*TRY IT*
After finding the line containing "The AZURETTA Watch" below, please output that line and each following one through the line containing "До вашої уваги", exactly as written.

*GIVEN DATA*
BEGIN
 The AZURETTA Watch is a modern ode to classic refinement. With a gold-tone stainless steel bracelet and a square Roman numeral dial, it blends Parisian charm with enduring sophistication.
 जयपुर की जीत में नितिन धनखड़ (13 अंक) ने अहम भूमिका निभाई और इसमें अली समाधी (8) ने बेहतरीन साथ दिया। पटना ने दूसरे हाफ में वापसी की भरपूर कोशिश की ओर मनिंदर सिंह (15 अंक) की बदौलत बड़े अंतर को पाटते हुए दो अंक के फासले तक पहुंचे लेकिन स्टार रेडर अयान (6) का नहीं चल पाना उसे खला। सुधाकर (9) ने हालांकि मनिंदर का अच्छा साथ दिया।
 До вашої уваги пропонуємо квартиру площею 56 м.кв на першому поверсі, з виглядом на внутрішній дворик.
END
BEGIN
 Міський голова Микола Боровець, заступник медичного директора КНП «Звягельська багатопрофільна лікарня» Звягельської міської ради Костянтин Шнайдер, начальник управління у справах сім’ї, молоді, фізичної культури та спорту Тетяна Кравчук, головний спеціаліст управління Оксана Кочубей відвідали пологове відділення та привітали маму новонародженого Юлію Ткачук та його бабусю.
END
*EXERCISE OUTPUT*
 The AZURETTA Watch is a modern ode to classic refinement. With a gold-tone stainless steel bracelet and a square Roman numeral dial, it blends Parisian charm with enduring sophistication.
 जयपुर की जीत में नितिन धनखड़ (13 अंक) ने अहम भूमिका निभाई और इसमें अली समाधी (8) ने बेहतरीन साथ दिया। पटना ने दूसरे हाफ में वापसी की भरपूर कोशिश की ओर मनिंदर सिंह (15 अंक) की बदौलत बड़े अंतर को पाटते हुए दो अंक के फासले तक पहुंचे लेकिन स्टार रेडर अयान (6) का नहीं चल पाना उसे खला। सुधाकर (9) ने हालांकि मनिंदर का अच्छा साथ दिया।
 До вашої уваги пропонуємо квартиру площею 56 м.кв на першому поверсі, з виглядом на внутрішній дворик.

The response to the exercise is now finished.